Among the Ucits IV-compliant products earmarked for these jurisdictions are funds investing in European and emerging market equities. Equities are managed through a quantitative process, which also takes account of fundamental and behavioural factors. The systematic investment approach of Reyl European Equities, the group’s flagship product, has led to an annual 8 per cent return for seven years since launch, compared to 2 per cent for the MSCI Europe Total Return index, claims Mr de Saint-Seine.
“In the quant sphere, there are many possibilities,” he admits. “You can do pure data mining, or you can use some criteria to be very strict and disciplined when you pick stocks.”
Reyl has opted for the latter, having developed three blocks as part of its overall investment strategy. Firstly, there is a bias to picking those stocks generating strong operating cash flow, undervalued relative to peers, with good control of their capital expenditure. In addition to this value-oriented approach, there is also a parallel, more defensive play, focusing on high and stable dividend paying stocks with strong fundamentals.
Thirdly there are the Garp (growth at reasonable price) strategies, which attempt to capture underlying investment themes. These include commodities, domestic growth and companies exporting goods to emerging markets. “Stocks following these themes typically have a higher information ratio than the market average,” says Mr de Saint-Senne.
The philosophy is that all of its three strands are capable of producing alpha, but not at the same time in the market cycle. While value strategies outperform in the recovery stage of a cycle, Garp investments are favoured in expansion mode and defensive stocks when capital preservation is key during a correction phase.
The Reyl system is designed to create an allocation between three blocks of stocks to aid navigation across market cycles to achieve a stable and solid mix of strategies within an equity portfolio. “Quant methodology for us means we want to remain extremely disciplined,” says Mr de Saint-Seine. “We never want to meet with the management of companies, as we think that is a distraction.”
The group screens 1,5000 European stocks and 3,500 across emerging economies, with each company requiring a minimum capitalisation of $150m. There are typically 50 to 120 stocks held within each portfolio strategy. Percentages are derived through quantitative portfolio optimisation techniques. “We don’t fall in love with our stocks, which is the number one risk of discretionary fund managers,” says Mr Saint-Seine.
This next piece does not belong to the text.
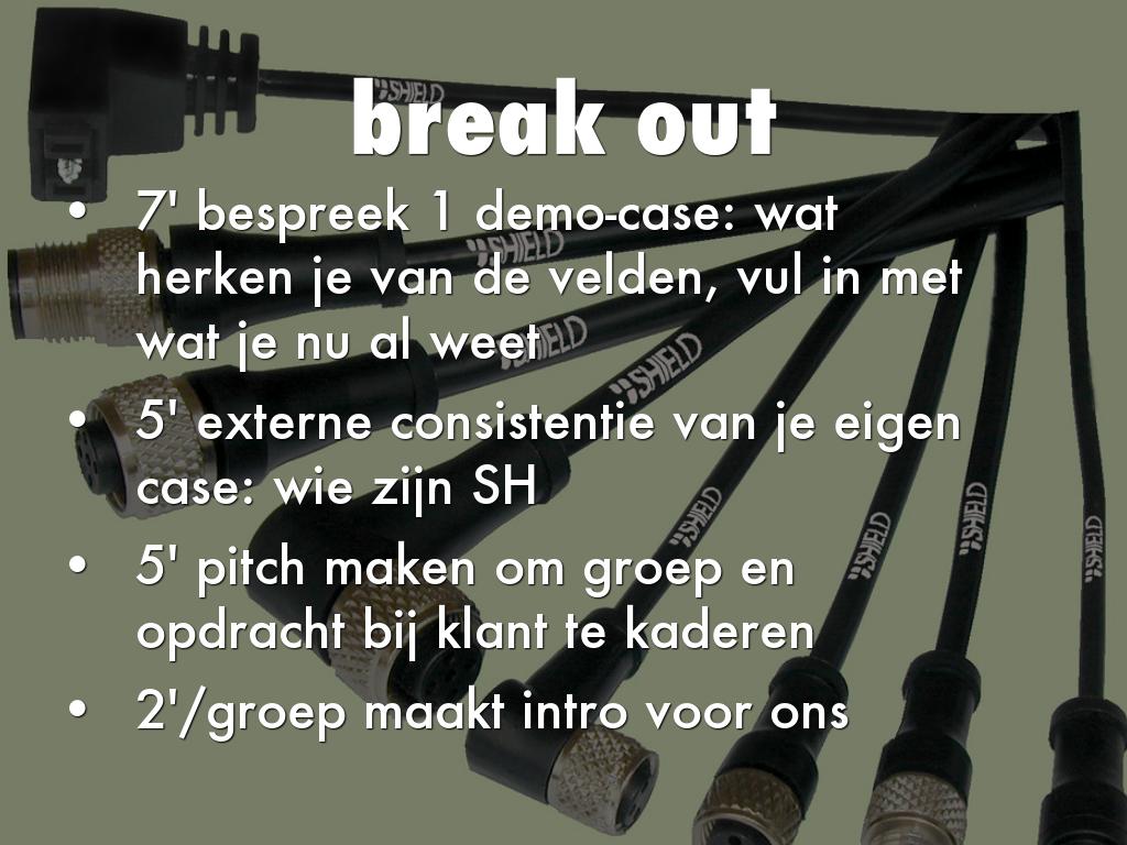 • 5' externe consistentie van je eigen case: wie zijn SH
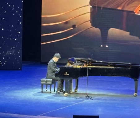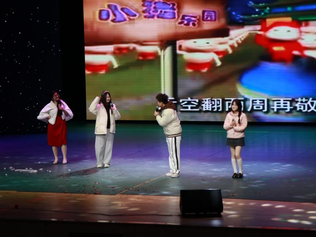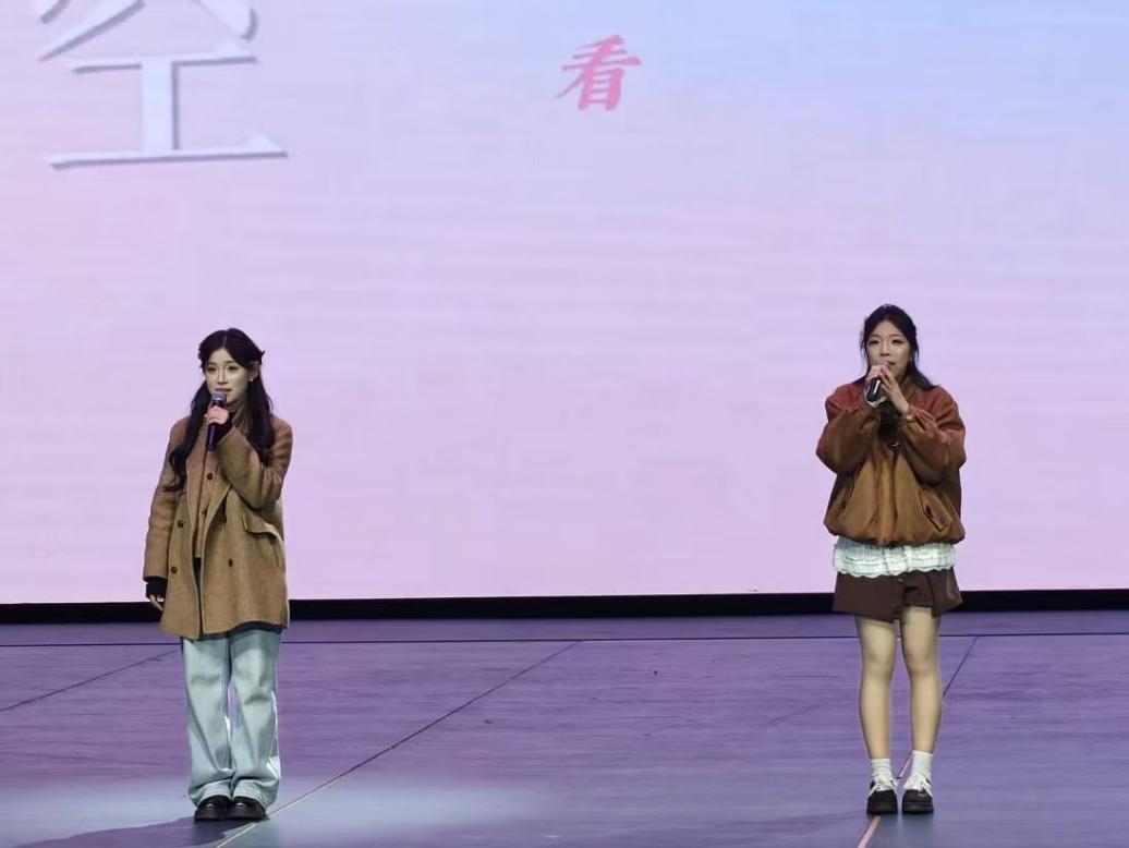 为呈现一场高质量的元旦晚会,从舞台走位的精细调整,到灯光舞美的设计搭配,每一个环节都凝聚着学子对艺术的热爱与执着。舞台上的每一个音符婉转,都蕴藏着音乐专业选手无数次的练声与打磨;每一幅视觉呈现的惊艳,都凝聚着美术专业选手彻夜的构思与创作。从选曲、编配到舞台视觉设计,从反复彩排到细节调整,选手们以专业的态度和对艺术的热爱,将汗水化作了今夜的璀璨。他们用音乐勾勒旋律的轮廓,用色彩铺展艺术的浪漫,让“音你而动至美天籁”的主题在舞台上鲜活绽放。

At the same time, he is proud of some recent trades, such as the purchase of Norwegian oil producer Den Norske, which profited from a subsequent 60 per cent price hike following positive exploration work. “With our relatively large universe, we can find such special situations,” he says. “These stocks are not present in all indexes such as the MSCI Europe.”
While many Swiss private banks are currently taking refuge in local stocks, which they perceive as being both safe and diversified to emerging market growth opportunities, Reyl’s process currently favours German and UK stocks. “Swiss companies such as Nestlé have much more exposure to global growth, but there are better pure players, more focused on emerging economies, within the UK market.”